La ternura, hija del amor sin eros o la pasión de los inocentes, no tiene sinónimos ni antónimos para mí. Es la más soberana de las palabras. Al igual que la melancolía, una nada que no se ve y nadie sabe de dónde viene, según Pessoa, con quien tiene un parentesco extraño, ella, la ternura, es una nada que hechiza y enamora; no se explica, se disfruta en mínimas dosis, como las buenas esencias.
No camina ni tiene prisa, se desliza suavemente y a veces, líquida, gotea. Siento que se gestó en el instante en que la primera mujer concibió, cuando, amazona después del amor, yació en reposo y luego se consagró cuando al parir la nueva vida coronó en sus brazos una bella criatura. Esa es la historia de la ternura; por eso el varón la evade, a pesar de serle indispensable: es parte de la mujer que viene con y dentro de él.
Por oposición a su génesis femenina, mientras germina como valor cultural entre otros sentimientos que definen el carácter y lo masculino y lo femenino, la madre naturalmente la enseña y la consolida, si el padre no ve peligros de confusión de identidades y por el contrario la refuerza en gestos y trato adecuado.
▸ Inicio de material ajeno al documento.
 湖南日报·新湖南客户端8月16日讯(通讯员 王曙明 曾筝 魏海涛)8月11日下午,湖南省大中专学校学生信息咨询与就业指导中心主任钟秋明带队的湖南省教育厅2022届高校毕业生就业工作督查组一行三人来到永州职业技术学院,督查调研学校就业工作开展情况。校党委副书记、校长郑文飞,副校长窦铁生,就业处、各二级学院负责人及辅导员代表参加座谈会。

En palabras, es el nice del inglés, que suena como caricia a los oídos. Es el suave en español, que estimula gracia y donosura en la cotidianidad, en la escuela y en la vida. Nada tiene que ver con el género si nuestra cultura a nivel universal no fuera tan extraviadamente machista y primitiva y los hombres injuriosamente no la difamaran de intrínseca debilidad femenina. Se puede ser tierno solo a escondidas o en privado. Se puede ser muy tierno y ser el más indomable de los guerreros.
Ya usted era cuestionado desde muy joven por sus modales y su favoritismo en el tratamiento de temas femeninos, porque desde tiempo antiguo los hombres consideran que las mujeres son únicamente para llevarlas a la cama y hacerlas madres o esclavas de la carne y desestiman las maravillas del carácter, la belleza y la ternura que se multiplican en cada una de ellas, en su inteligencia y en su cuerpo.
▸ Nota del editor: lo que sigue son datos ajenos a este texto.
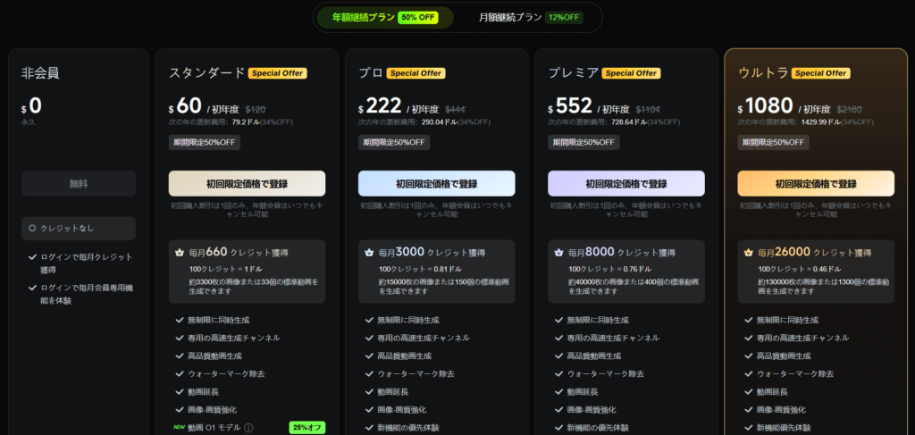 | Kling O1 Image | ・クレジット制(従量課金) ・高品質モードのみ対応 ・動画参照時は1.5倍のクレジット消費 ・期間限定25%OFFキャンペーン実施中(2025年12月時点) |

Llevaba yo en mis viejos ensueños que databan de mi infancia y en estos ensueños toda la ternura que vivía en mi seno, pero que precisamente por ser mía no se distinguía de mi corazón, se me aparecía como un ser enteramente distinto de mí.
Cuando fundó la primera revista juvenil, junto a Dreyfus, Halevy y Greg, mientras la mayoría de los jóvenes escritores entregaban artículos sobre Schopenhauer, Nietzsche y Swinburne, usted los sorprendía con retratos de mujeres de mundo o cortesanas célebres. Daniel Halevy advierte la manera dura en que el equipo de machos de la revista El Banquete lo increpaba:
En él había algo que nos repelía, su amabilidad y delicadas atenciones… y nosotros se lo dijimos claramente en más de una ocasión. Fuimos brutales con él…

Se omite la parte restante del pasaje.